→ SOURCE RECORDS
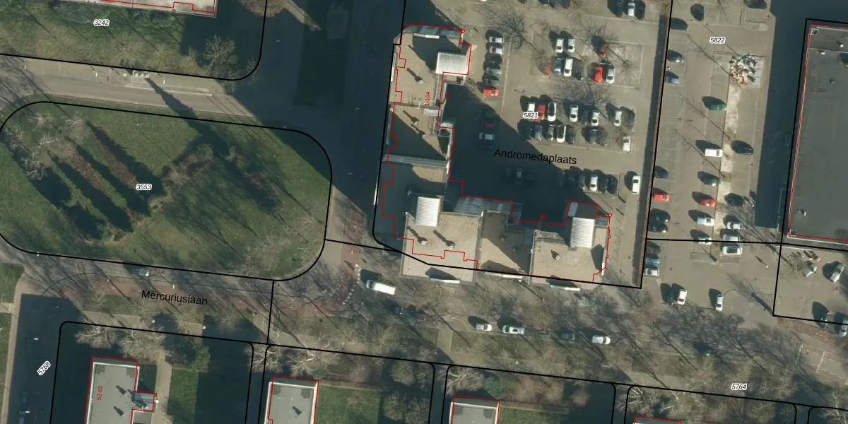 Het perceel waarop Andromedaplaats 33 staat heeft een oppervlakte van 4335 m². Dit is een zeer groot perceel. De perceeloppervlakte wordt geregistreerd door het Kadaster. Gedetailleerde informatie over de maten van dit perceel kunt u vinden in het rapport Kadastrale kaart met maatvoering van Andromedaplaats 33.
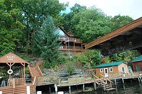 Secluded, nestled in a beautiful mature lot. Over 3000 SF tri-level contemporary home with fantastic views through custom picture windows. Spectacular views of Watkins Glen just four miles away for your entertainment. Plenty of tiered deck space with covered outdoor entertaining at every level with easy minimal stairs. Expansive permanent docks with covered boat hoist and boat house. Bring your vision for interior spaces because this property has the size necessary to make it your own. This home can easily be converted to a five bedroom 4 1/2 bath. This is a must see... simply too much to list
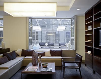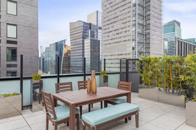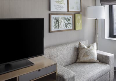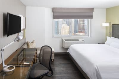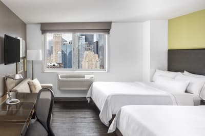 Vous êtes d'un naturel indépendant ? Peu vous importe que le mobilier de votre chambre soit signé d'un grand designer ? Faire des courbettes pour obtenir un menu dans un restaurant huppé vous rend dingue ? On a une adresse qui ne s'embarrasse pas du superflu et qui n'a jamais été aussi bien placée ! C'est en plein Times Square que l'Element vous accueille, dans un hôtel qui a tout compris du touriste plus pressé que le New Yorkais. En famille ? Les chambres sont communicantes. Petit budget ? Jouez-la Top Chef à New York dans votre cuisine intégrée ! Vous avez la flemme de ressortir après avoir parcouru toute la ville ? Une épicerie ouverte 24 heures sur 24 a pensé à tout ce qu’il faut dans le lobby. Bref, un hôtel couteau suisse, qui ne lésine pas sur rapport qualité-prix et qui propose même un ptit déj' gratuit. La déco va à l'essentiel — vos stories Instagram seront plus trépidantes dehors qu'à l'intérieur—, mais les parquets foncés fonctionnent plutôt bien avec les lits au carré et certains murs osent le vert amande. En vrai, il suffit de relever les stores bateaux pour tout oublier. Le spectacle des toits de Manhattan à perte de vue déçoit rarement. Et ce qui ne déçoit pas non plus, ce sont les facilities. Un centre de remise en forme, des stations de rechargement pour les voitures électriques, des salles de bains tout confort et un rooftop à 360 degrés !
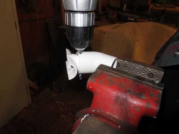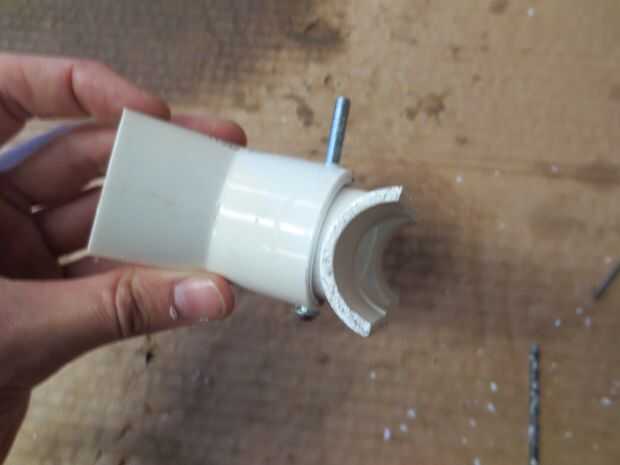 Me perforaron a través de la pipa de la pipa de T y el codo luego había añadido un tornillo pasante con una tuerca en un extremo.
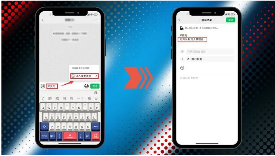 2、在打开的群聊中输入“#接龙”(井号必带),右侧会弹出一个接龙的设置,点进去,在里面设置好接龙的格式后点发送。

→ ABOUT THIS TASK
Nothing but the lines from the one containing "Me perforaron a" through the last line of the records above should appear, each repeated exactly, with no pictures.

→ YOUR SOLUTION
 Me perforaron a través de la pipa de la pipa de T y el codo luego había añadido un tornillo pasante con una tuerca en un extremo.
 2、在打开的群聊中输入“#接龙”(井号必带),右侧会弹出一个接龙的设置,点进去,在里面设置好接龙的格式后点发送。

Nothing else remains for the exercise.